In Florida, Dr. Dennis Warkentin from Bayer inspects the quality of citrus fruit together with citrus grower David Evans (left).
A world without orange juice is hard to imagine, but it could happen. The culprit is a tiny insect called the Asian citrus psyllid (Diaphorina citri), which transmits a bacteria that causes Huanglongbing (HLB), better known as citrus greening disease. At the XIII. International Citrus Congress, which took place from September 18 to 23, 2016 in Foz do Iguau, Brazil, Bayer (one of DiversityInc’s 25 Noteworthy Companies) showcased its innovative portfolio of products and solutions that support the success and sustainability of the citrus industry. Together with growers, processors and researchers, Bayer experts are working on holistic, sustainable solutions to combat the devastating citrus greening disease.
“This disease is the greatest threat to the entire citrus industry. Globally, millions of citrus trees have had to be culled as there is no cure available at the moment,” states Kai Wirtz, Global Fruit Crop Manager at the Crop Science Division of Bayer. “The infection severely limits the flow of nutrients. The oranges, lemons and grapefruits do not grow or ripen as they should, and any fruits that do form are small and sour. Global production has already drastically declined. Countries especially affected are Brazil, the United States, and China.”
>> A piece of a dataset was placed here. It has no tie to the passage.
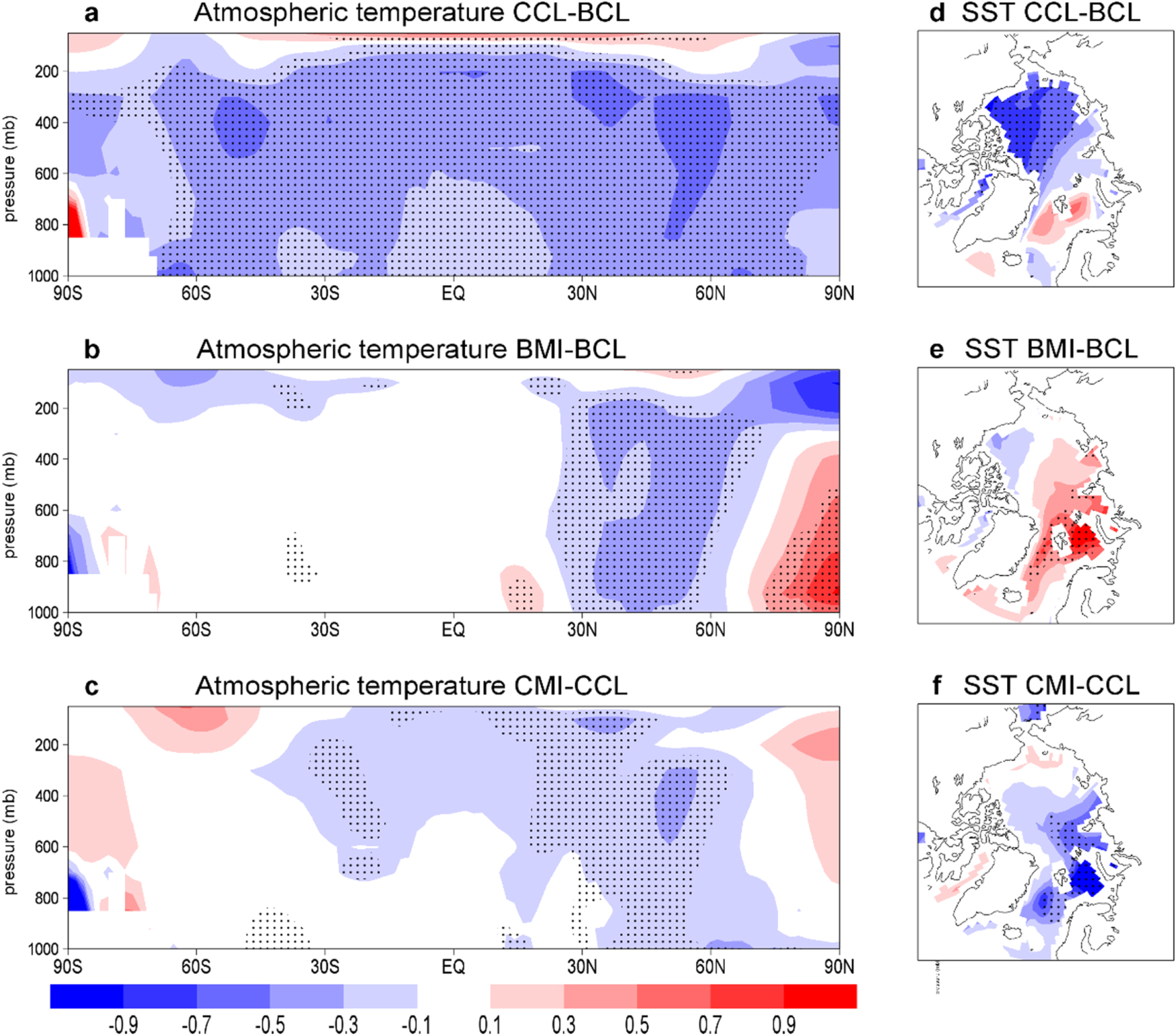 Figure 3. Differences between zonal means of atmospheric temperature (°C ) averaged between April and September and over 2036–2055: (a) CCL minus BCL, (b) BMI minus BCL, and (c) CMI minus CCL. Differences between SST (here SST represents temperature of the top layer of the ocean model) in the Arctic (°C) averaged between April and September and over 2036–2055: (d) CCL minus BCL, (e) BMI minus BCL, and (f) CMI minus CCL. Dots represent statistically significant areas.

Controlling citrus greening in a holistic and sustainable approach
Assisting farmers in the fight against the disease is one of Bayer’s top priorities. The company pursues an integrated approach to manage citrus greening from nurseries and commercial orchards to abandoned groves in order to keep plantations in production and minimize the progression of the disease. “The main goal is to make trees more resistant to the disease, while at the same time developing anti-bacterial solutions,” comments Wirtz.
“At Bayer, we focus on serving not only famers, but the entire value chain with sustainable solutions to combat citrus greening,” says Mauro Alberton, responsible for crop and portfolio marketing in Brazil at the Crop Science Division of Bayer. The company promotes integrated pest management practices and offers a broad and integrated portfolio consisting of chemical and biological solutions with different modes of action for a minimized environmental footprint. Systemic and contact insecticides such as Movento, Sivanto, Admire Pro, Bulldock as well as the biological Requiem help to control the Asian citrus psyllid vector. The root and plant health products Velum, Aliette, Bayfolan and the biological product Serenade ensure that the plants are robust and the roots healthy so that they can better cope with the disease. The herbicides Alion and Basta reduce the weeds around orange trees that compete for water, nutrients, and sunlight.
“Our citrus specialists support growers on site. Our emergency measures are based on existing tools and phytosanitary best practices,” says Alberton. “In addition, we support monitoring and alert systems and train growers how to optimize their inputs.”
Partnering makes the fight more effective
Bayer is fostering partnerships with the beverage and fertilizer industries and cooperating with international research associations. “Together with our partners we are searching for more rapid screening and testing capabilities, sharing investment and leveraging resources,” Wirtz comments.
For example, Bayer is supporting the Citrus Research and Development Foundation (CRDF) in Florida. The organization has two main research areas. Firstly, it targets the vector to reduce the psyllid population. Secondly, it tries to breed more resistant trees. Growers, the state of Florida and partners like Bayer are funding the organization. CRDF in turn manages the funds to finance projects at research facilities.
In Brazil, Bayer is collaborating amongst others with Fundecitrus, an association for citrus growers. In 2013, both parties signed an agreement with the aim of facilitating faster development of technologies intended to ensure sustainability in citrus farming. Actions include the development of new methods for early identification and diagnosis of the disease.
To improve the situation in China, Bayer is funding research at the Chinese National Agro-Tech Extension and Service Center (NATESC). Amongst other measures, the researchers have updated spraying recommendations in order to reduce the overall spray volume.
Sustainability is an integral part of the strategy at Bayer. The company therefore takes action not only when citrus greening has already occurred, but also works to prevent potential outbreaks. For example, Bayer is supporting the association California Citrus Mutual in raising awareness among California residents, 60 percent of whom have citrus trees in their yards. With the #CitrusMatters campaign, the partners seek to make private citrus owners more aware of the problem in order to keep the disease from spreading to commercial orchards.
Furthermore, in cooperation with Fundecitrus and the University of Sao Paulo, Bayer is investing about EUR 3 million through 2018 to fund the rearing and release of beneficial control agents. A network of biofactories in Brazil produces the wasp Tamarixia radiata, a natural enemy of the citrus greening vector, the Asian citrus psyllid. Wasps have been released mainly in abandoned and domestic orchards neighboring commercial properties. Research data shows that this significantly reduces citrus psyllid populations.